You will receive full credit if:

  1. scripts/monitorGPU.py runs successfully on a Jetson device.
  2. logs/GPUMetrics.csv contains valid GPU metrics with timestamp, utilization, and frequency.
  3. logs/GPUMetrics.png shows dual-plot visualization (utilization + frequency).
  4. reflection.txt is filled out with a thoughtful analysis of GPU-bound vs memory-bound.
  5. Code handles missing GPU data gracefully (some Jetson models have limited metrics).
  6. .venv is not committed.

Common Issues

“tegrastats: command not found” or “jtop: command not found”

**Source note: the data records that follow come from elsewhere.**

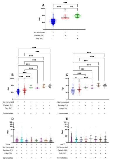 Profile of discharged patients and lethal outcomes related to COVID-19 before and after vaccination. Considering the pre-vaccination (June to August 2020, pre-V) and post-vaccination (June to August 2021, post-v) period, we analyzed the impact of immunization on the profile of hospitalizations and deaths of NI; partially (D1) or fully immunized (D2) patients. (A) Hospitalizations related to COVID-19 during the post-V period; (B) Profile of discharged patients considering their immunization status and existence of comorbidities; (C) Profile of lethal cases considering their immunization status and comorbidities; (D) Days required since admission to hospitalization discharge of moderate/severe COVID-19 patients considering their immunization status and the existence of comorbidities; (E) Days required since admission to lethal outcome of moderate/severe COVID-19 patients considering their immunization status and the existence of comorbidities. The statistical analysis was performed using the Kruskal–Wallis test for group comparison and Dunn’s test to perform multiple comparisons. The results are shown as the mean ± standard deviation (* p < 0.05; ** p < 0.005; *** p < 0.001).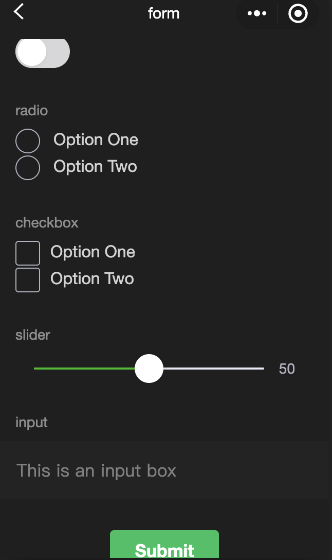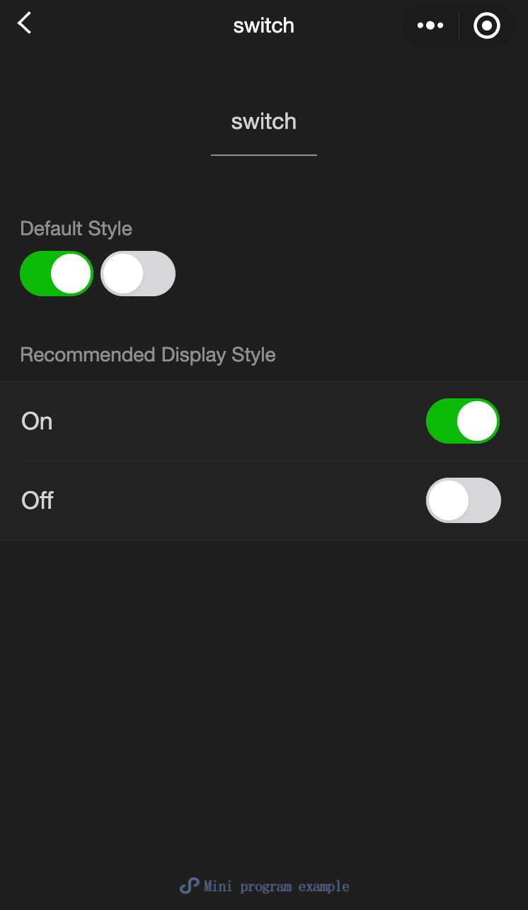 <switch checked="{{switch1Checked}}" bindchange="switch1Change" />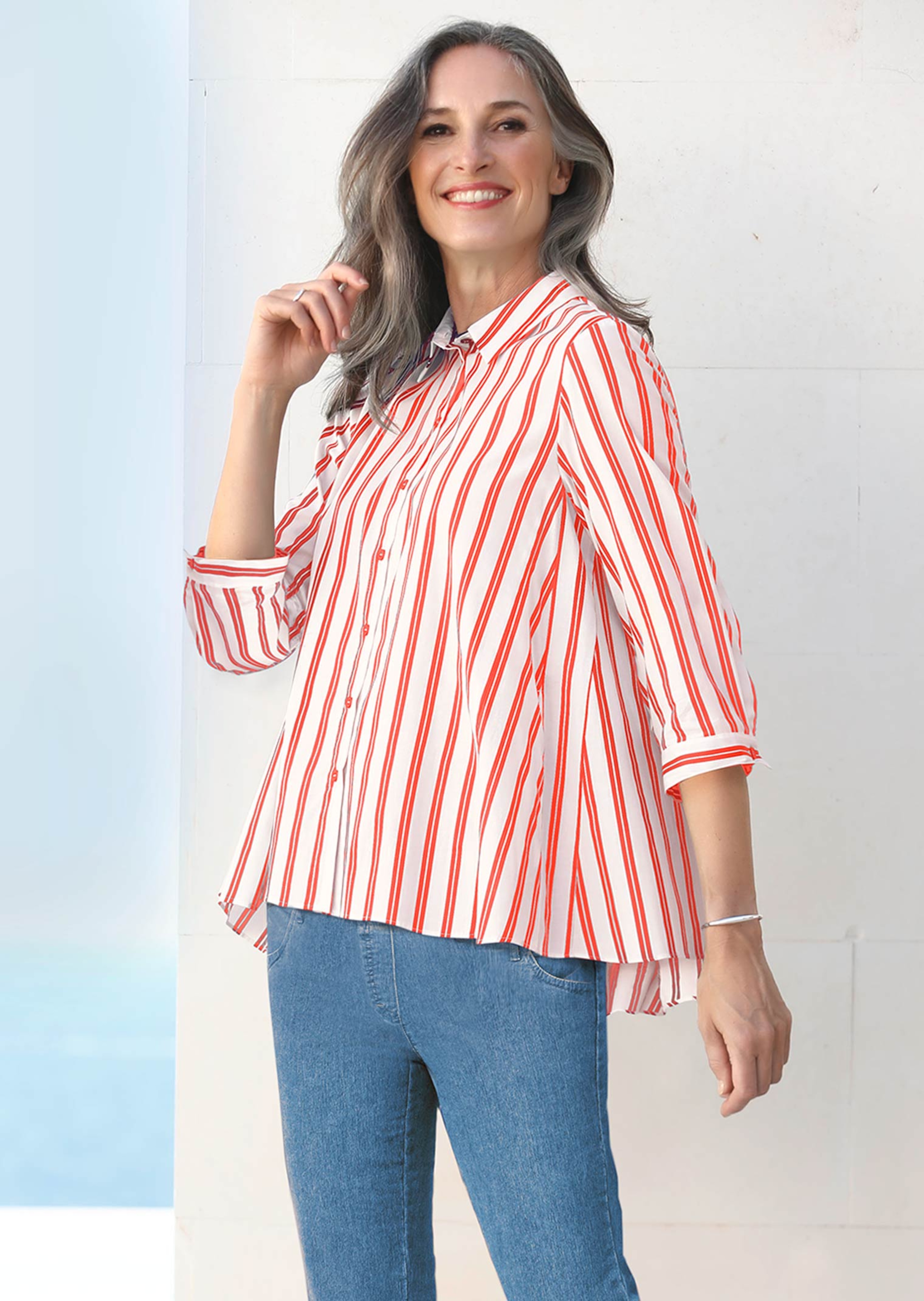 Bluse in modernem Stil mit durchgehender Knopfleiste. Die attraktive A-Linie mit hübscher Kellerfalte im Rückteil zaubert eine vorteilhafte Silhouette und bietet besonders viel Bewegungsfreiheit. Klassisch gearbeitet mit Hemdblusenkragen und 3/4-Ärmeln mit eleganter, breiter Manschette. Der sportive Doppelstreifen auf natürlicher Baumwoll-Stretch-Qualität wird Sie begeistern. Länge ca. 76 cm in Gr. 46, ca. 72 cm in Gr. 23.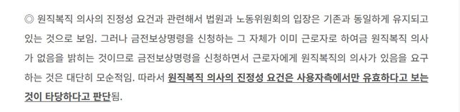 - 해고·징계고용·노동비장한얼룩말173부당해고이후 복직명령시에 진정성을 확인하는 기준이 무엇인가요?안녕하세요.부당해고를 당하여 현재 노동위원회에 금전 보상명령을 신청한 상황입니다.사측에서는 부랴부랴 저에게 복직을 해달라고 설득을 하던데요.일단 제가 금전보상명령을 신청한 상황이면 다들 아시다시피 전 복직을 할 의사가 전혀 없습니다.이제 문제는 그 다음인 진정성이 있냐 없냐인데요.ㅡㅡㅡㅡㅡㅡㅡㅡㅡㅡㅡㅡㅡㅡㅡㅡㅡㅡㅡㅡㅡㅡㅡㅡㅡㅡㅡㅡㅡㅡㅡㅡㅡㅡㅡㅡㅡㅡㅡㅡㅡㅡㅡ여기서 3가지 질문을 드려봅니다.첫번째 질문은 다음과 같습니다.으레 진정성이 있느냐 없느냐에 대한 판단은 다음과 같이 요약이 되더라고요.회사가 복직명령을 한 시점이 언제인가?회사가 복직명령을 하면서 그만큼의 보상을 해줄것이고 언제 얼마나 할지에 대한 의사 표시회사측이 잘못을 했다는점을 솔직하게 시인하고 그 점에 대해서 어떻게 앞으로 보완할것인지에 대한 구체적인 방안 제시부당해고를 당한 근로자에게 질답을 할 시에 질문에 대한 답을 똑바로 이야기 안하고 논점을 흐릴시위의 4가지건이 진정성이 있는지 없는지를 판별하는 기준이 되나요?제가 이해한게 맞는지 모르겠어요2번째 질문입니다.그리고 최근 사례를 보면 다음과 같은 경우가 있더라고요.이것은 최근에 개정된 내용인가요?만약 그러하다면 근로자인 제가 진정성을 입증할 필요는 없다는 이야기 아닌가요?위에서도 이야기했지만 저는 금전명령을 신청했기에 복직에 대한 의사는 없습니다. 그리고 3번째 질문입니다.제가 부당해고 건으로 인해서 현재 부당해고 구제신청을 해놓은 상황인데요.왜 내 의사가 없이 자진퇴사 처리 시켰느냐에 대한 질문을 다음과 같이 회피합니다.회사 사장이 자꾸 직원이 잘못했다라는 점을 이야기하네요.내가 회사직원에게 이야기를 했는데 회사 직원이 퇴사와 관련된 이야기를 저한테 하는것을 잊어버렸다. 그래서 내가 그 직원을 혼냈다 라는 식으로요.(일단 저는 회사에 퇴사의 의사와 사직서를 낸 적이 없습니다. 그러니까 무단으로 절 자른거죠)이런 경우에도 진정성이 없는걸로 판단을 내릴수 있나요?본인이 자꾸 잘못 없다는 식으로 이야기하는게 너무 화가 나네요3명의 전문가가 답변했어요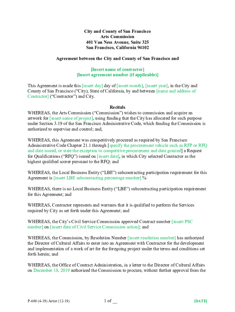 City and County of San Francisco Arts Commission 401 Van Less Avenue, Suite 325 San Francisco, California 94102 Agreement between the City and County of San Francisco and [Insert name of contractor]

  • Contact your instructor - these are system tools that must be pre-installed

“Import error: No module named ‘jtop’“

  • Ensure your virtual environment is activated: source .venv/bin/activate
  • Reinstall: pip install jetson-stats

“GPU metrics show [N/A]”

  • Normal on Jetson devices with unified memory architecture
  • Use jtop instead for comprehensive metrics

“GPU utilization always shows 0%”

  • Ensure GPU workload is actually running
  • Check with: jtop and navigate to GPU page
  • Verify CUDA is installed: nvcc --version

“Script works on Orin but not Nano”

  • Different Jetson models have different GPU metrics available
  • Ensure code uses .get() with defaults to handle missing keys

“GPU frequency not scaling up”

  • Check power mode: sudo nvpmodel -q
  • Set to max performance: sudo nvpmodel -m 0
  • Enable jetson_clocks: sudo jetson_clocks

Additional Resources

  • jetson-stats Documentation Official documentation for jetson-stats, including the jtop interactive monitoring tool and programmatic access via Python. This is the primary reference for collecting CPU, GPU, memory, and power metrics on NVIDIA Jetson devices and is well-suited for both interactive exploration and scripted data collection.
  • NVIDIA Jetson Platform Guide Official NVIDIA documentation describing the hardware specifications and architectural details of all Jetson platforms. This resource is useful for understanding differences in CPU core counts, GPU configurations, memory capacity, and performance characteristics across Jetson devices.
  • NVIDIA tegrastats Utility Official NVIDIA documentation for the tegrastats command-line utility, which provides low-level, real-time CPU, GPU, memory, power, and thermal statistics on Jetson devices. This is useful for lightweight monitoring, scripting, and validation when jtop is not available.
  • nvidia-ml-py Documentation Official Python bindings for the NVIDIA Management Library (NVML), which replace the deprecated pynvml package. This library is intended for datacenter and desktop NVIDIA GPUs rather than Jetson platforms, and is useful when collecting GPU utilization and power metrics on systems with discrete GPUs.
  • NVML API Reference Low-level reference documentation for the NVIDIA Management Library. This resource is useful for understanding the underlying GPU metrics exposed through nvidia-ml-py and for advanced monitoring or tooling on non-Jetson systems.
  • CUDA Programming Guide Official CUDA documentation describing the GPU execution model, memory hierarchy, and kernel behavior. This guide helps interpret GPU utilization results and understand how different workloads map to GPU resources.
  • TensorRT Best Practices NVIDIA documentation on optimizing deep learning inference using TensorRT. This resource provides guidance on performance tuning, precision selection, and deployment strategies that can influence GPU utilization and power behavior during inference workloads.

GPU Monitoring Library Note:

For your future work, use the appropriate library for your platform:

  • Jetson devices: Use jetson-stats (jtop)
  • Datacenter/Desktop NVIDIA GPUs: Use nvidia-ml-py (not pynvml, which is deprecated)

If you find older tutorials referencing pynvml, that package is now deprecated.